According to experts who reviewed some of the data He presented at a conference days after his stunning announcement, they say there is evidence that both girls born with the CRISPR edits showed such signs of mosaicism when they were embryos, meaning they are now likely to have the same mishmash of CRISPR’d and unCRISPR’d cells in their bodies. That means that they may not even benefit from the resistance to HIV that He’s grand experiment was meant to provide.
There’s also evidence that compromising the HIV gene may have other consequences — for example, making people more susceptible to West Nile Virus and possibly the flu.
It’s because of these unanswered questions — and potential risks — that scientists have favored a moratorium on using CRISPR in human embryos meant for pregnancy, at least until they have a better grasp on how CRISPR works and what some of the long term effects of editing might be. While the U.S. National Academy of Sciences in 2017 allowed for the eventual possibility of human babies whose genomes have been edited by CRISPR, it provided strict criteria for how that should happen: under strict monitoring and only in cases where there is no other medical option.

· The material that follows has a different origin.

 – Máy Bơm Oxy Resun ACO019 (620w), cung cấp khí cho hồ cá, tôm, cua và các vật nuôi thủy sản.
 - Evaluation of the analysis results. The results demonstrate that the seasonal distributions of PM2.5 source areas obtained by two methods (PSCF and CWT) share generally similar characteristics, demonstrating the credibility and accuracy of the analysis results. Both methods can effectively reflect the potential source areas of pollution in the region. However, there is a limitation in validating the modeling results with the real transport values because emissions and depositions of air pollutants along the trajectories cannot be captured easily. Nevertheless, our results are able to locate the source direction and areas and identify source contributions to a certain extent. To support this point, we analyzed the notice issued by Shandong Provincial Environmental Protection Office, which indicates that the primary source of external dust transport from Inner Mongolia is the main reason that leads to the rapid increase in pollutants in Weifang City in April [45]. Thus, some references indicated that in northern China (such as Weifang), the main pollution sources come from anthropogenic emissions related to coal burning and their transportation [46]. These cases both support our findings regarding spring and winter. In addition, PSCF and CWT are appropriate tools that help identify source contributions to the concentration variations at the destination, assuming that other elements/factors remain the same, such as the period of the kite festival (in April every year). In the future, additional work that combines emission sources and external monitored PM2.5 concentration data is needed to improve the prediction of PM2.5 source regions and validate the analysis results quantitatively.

Neither of those criteria were met in the controversial CRISPR study. The university and the hospital where the births took place denied knowledge of He’s work, and the scientific community was blindsided that he had been proceeding with transferring human embryos for pregnancy. The gene he altered also does not represent an unmet medical need — among the couples he worked with, only the fathers were HIV positive, meaning they were unlikely to pass on their infection to their children. What’s more, the fathers were on anti-HIV medications, which controlled their infection and make it even less likely they would infect their partners or their children.
In the twins’ case, what happens when they want to have children? Will they be allowed to have children naturally, and pass on their edited genes and whatever potential side effects might arise from their altered DNA? Or will regulatory or scientific authorities step in and attempt to control whether their genes continue into future generations by requiring the twins to have IVF and only implanting the embryos that do not show signs of the edited gene? Would those regulatory and scientific bodies even have the right to make such a request?

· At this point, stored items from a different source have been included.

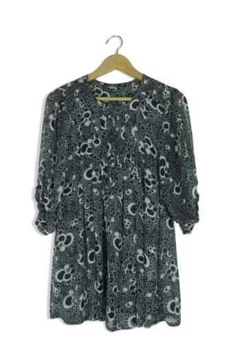 ATMOSPHERE BLACK & WHITE FLORAL SEMI SHEER TRAPEZE BLOUSE TOP SIZE 10 [ENDED]
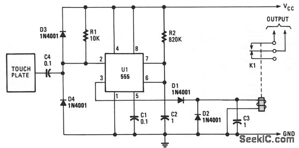 The monostable period is set for about 1 second, as is the usual case. The induced line hum comes through C2, providing a continuous string of trigger pulses. The output becomes low for about 10 ms per second as the monostable times out and then retriggers. Diode Dl and capacitor C3 buffer the relay so it doesn't chatter on those 10-ms pulses. Resistor R2 sets the sensitivity.The relay energizes when the plate is touched and de-energizes, up to one second after the finger is removed. The delay is a function of when the monostable last retriggered.
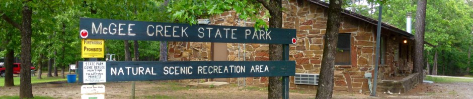 Until this weekend my day hike records show the longest hikes had been 13 miles at both Eagle Creek in Oregon and Queen Wilhelmina in Arkansas and 14.5 miles on the Elk River Trail up in Kansas. On Saturday, May 7, 2011 I set a new personal record with an 18.4 mile long walk in the woods in far southeastern Oklahoma. Between Atoka and Antlers is McGee Creek State Park and 10 miles from there, at the northeast corner of McGee Creek Lake, is the 8,900 acre McGee Creek Natural Scenic Recreation Area. It has 25 miles of trails for hikers, mountain bikers, and equestrians in keeping with its designation as a wilderness-type recreational experience for non-motorized activities. Gas boat motors are prohibited in the area as well, although I saw a boat flagrantly violating that edict, roaring past the Whiskey Flats point more than half-way through the quiet zone.
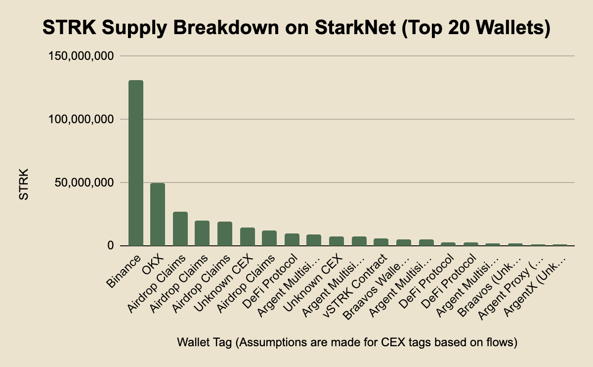 When looking at the onchain breakdown of the supply, it's a bit messy. While the entire STRK supply exists on L1 Ethereum, the token airdrop provisions were issued on the Starknet L2. The onchain liquidity for STRK is decent, but not great with about $8m of pool liquidity across ETH-STRK & USDC-STRK pairs on Ekubo, the chain’s largest DEX with a TVL of ~$20m.

“The implications go beyond just these twins,” says Dr. Kiran Musunuru, professor of cardiovascular medicine and genetics at University of Pennsylvania Perelman School of Medicine. “If we talk about the sanctity of human life, and the inherent dignity of human life, not much has been gained here. These babies were treated as subjects in a grand medical experiment, and we have to believe that they will be studied for the rest of their lives; it’s sad actually.”

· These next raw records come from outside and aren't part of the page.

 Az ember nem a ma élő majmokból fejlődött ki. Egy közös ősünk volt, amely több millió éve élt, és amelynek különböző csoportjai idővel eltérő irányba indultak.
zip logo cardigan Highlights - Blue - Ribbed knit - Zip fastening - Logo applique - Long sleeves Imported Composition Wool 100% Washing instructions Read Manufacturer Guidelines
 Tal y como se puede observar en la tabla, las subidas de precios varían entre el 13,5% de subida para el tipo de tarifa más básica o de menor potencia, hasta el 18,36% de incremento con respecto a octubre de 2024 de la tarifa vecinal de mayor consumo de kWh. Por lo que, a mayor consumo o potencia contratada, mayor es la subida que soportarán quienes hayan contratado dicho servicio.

In his presentation and in his video, He justified his unorthodox actions by focusing on the personal. He said the father of the twins now feels motivated to find work and care for his family, and that altering the gene will protect future generations from HIV. But HIV experts say that judicious use and distribution of currently available drugs can effectively stop transmission of the virus, without taking such drastic steps of trying an proven genetic procedure and exposing people to its unknown risks.
While their identities are still protected for now, it’s unlikely the twins will remain anonymous for long. In bypassing ethical guidelines prohibiting the experiment that he conducted, He not only violated basic tenets of responsible scientific inquiry, he also forever changed how the girls will be viewed by society, and ultimately the decisions they make as a result of their involuntary status as the world’s first CRISPR babies.